Subjek data dapat menerima data pribadi yang berkaitan dengan mereka, yang telah mereka berikan sebelumnya dalam “format yang umum digunakan dan dapat dibaca mesin” dan memiliki hak untuk mentransmisikan data tersebut ke pengendali lain.

Privasi dengan desain

Privasi data harus menjadi inti dari sistem teknologi yang digunakan oleh pengendali dan pengolah untuk mengelola informasi subjek data, bukan hanya tambahan.

Informasi yang harus disediakan kepada subjek data saat data dikumpulkan telah didefinisikan dengan jelas dan mencakup:

• Identitas dan detail kontak pengendali dan DPO
• Tujuan pemrosesan, untuk apa data pribadi tersebut dimaksudkan
• Dasar hukum pemrosesan
• Jika berlaku, kepentingan sah yang dikejar oleh pengendali atau pihak ketiga
• Jika berlaku, penerima atau kategori penerima data pribadi
• Periode di mana data pribadi akan disimpan, atau jika ini tidak mungkin, kriteria yang digunakan untuk menentukan periode ini
• Adanya hak untuk mengakses, memperbaiki, atau menghapus data pribadi
• Hak untuk portabilitas data
• Hak untuk menarik kembali persetujuan kapan saja
• Hak untuk mengajukan keluhan kepada otoritas pengawas

Penting untuk dicatat, di mana data tidak diperoleh langsung dari subjek data (mungkin menggunakan daftar pihak ketiga), daftar tersebut bervariasi dan mencakup dari mana sumber data pribadi berasal:

• Adanya pemprofilan dan informasi berarti tentang logika yang terlibat serta signifikansi dan konsekuensi yang diharapkan dari pemrosesan tersebut bagi subjek data.
• GDPR mewakili masalah signifikan bagi pemasar yang mendapatkan data dari daftar pihak ketiga.

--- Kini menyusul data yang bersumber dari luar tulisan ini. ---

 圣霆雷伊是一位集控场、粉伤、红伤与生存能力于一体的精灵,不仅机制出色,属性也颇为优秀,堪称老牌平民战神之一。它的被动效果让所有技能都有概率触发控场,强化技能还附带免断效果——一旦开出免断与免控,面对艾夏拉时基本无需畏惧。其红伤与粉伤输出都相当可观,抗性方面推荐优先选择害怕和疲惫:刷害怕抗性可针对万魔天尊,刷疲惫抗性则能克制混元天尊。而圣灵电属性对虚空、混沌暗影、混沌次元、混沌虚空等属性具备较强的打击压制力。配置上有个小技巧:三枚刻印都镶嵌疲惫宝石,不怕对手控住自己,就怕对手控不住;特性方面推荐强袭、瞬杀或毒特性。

1. Buat rencana proaktif untuk kepatuhan GDPR Anda.
2. Tinjau pemberitahuan dan kebijakan privasi, dan pastikan mereka memenuhi tingkat kepatuhan GDPR.
3. Siapkan rencana jika terjadi pelanggaran keamanan.
4. Audit persetujuan Anda.
5. Buat persetujuan pemasaran bersifat opt-in.
6. Tinjau bagian kepentingan sah dari arahan dengan penasihat hukum Anda untuk memastikan itu mencakup organisasi Anda untuk penggunaan data pembeli dalam memproses dan mengelola pesanan tersebut.
7. Buat bahasa persetujuan Anda mudah ditemukan dan dibaca tentang penggunaan data pribadi.
8. Buat rencana tindakan untuk permintaan subjek data kepada organisasi Anda untuk penggunaan data mereka.
9. Jadilah bertanggung jawab atas kepatuhan Anda.
10. Latih karyawan Anda.
11. Miliki clear proses yang jelas, tertulis, dan diaudit.
12. Tunjuk DPO jika diperlukan.
13. Pastikan mitra pengendali/pemrosesan Anda mematuhi.

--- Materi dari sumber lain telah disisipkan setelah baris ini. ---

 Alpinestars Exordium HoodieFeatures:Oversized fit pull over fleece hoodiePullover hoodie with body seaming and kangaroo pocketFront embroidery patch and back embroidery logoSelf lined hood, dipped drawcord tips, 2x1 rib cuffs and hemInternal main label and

GDPR berlaku untuk organisasi, pengendali, dan pemroses yang berada di dalam dan di luar UE, yang menawarkan barang atau jasa kepada subjek data UE. GDPR juga berlaku untuk organisasi, seperti organisasi pemasaran atau mereka yang menyediakan atau menggunakan data yang memantau perilaku subjek UE.

Seorang pengendali menentukan tujuan, kondisi, dan cara untuk pemrosesan data pribadi, sementara pemroses memproses data pribadi atas nama pengendali.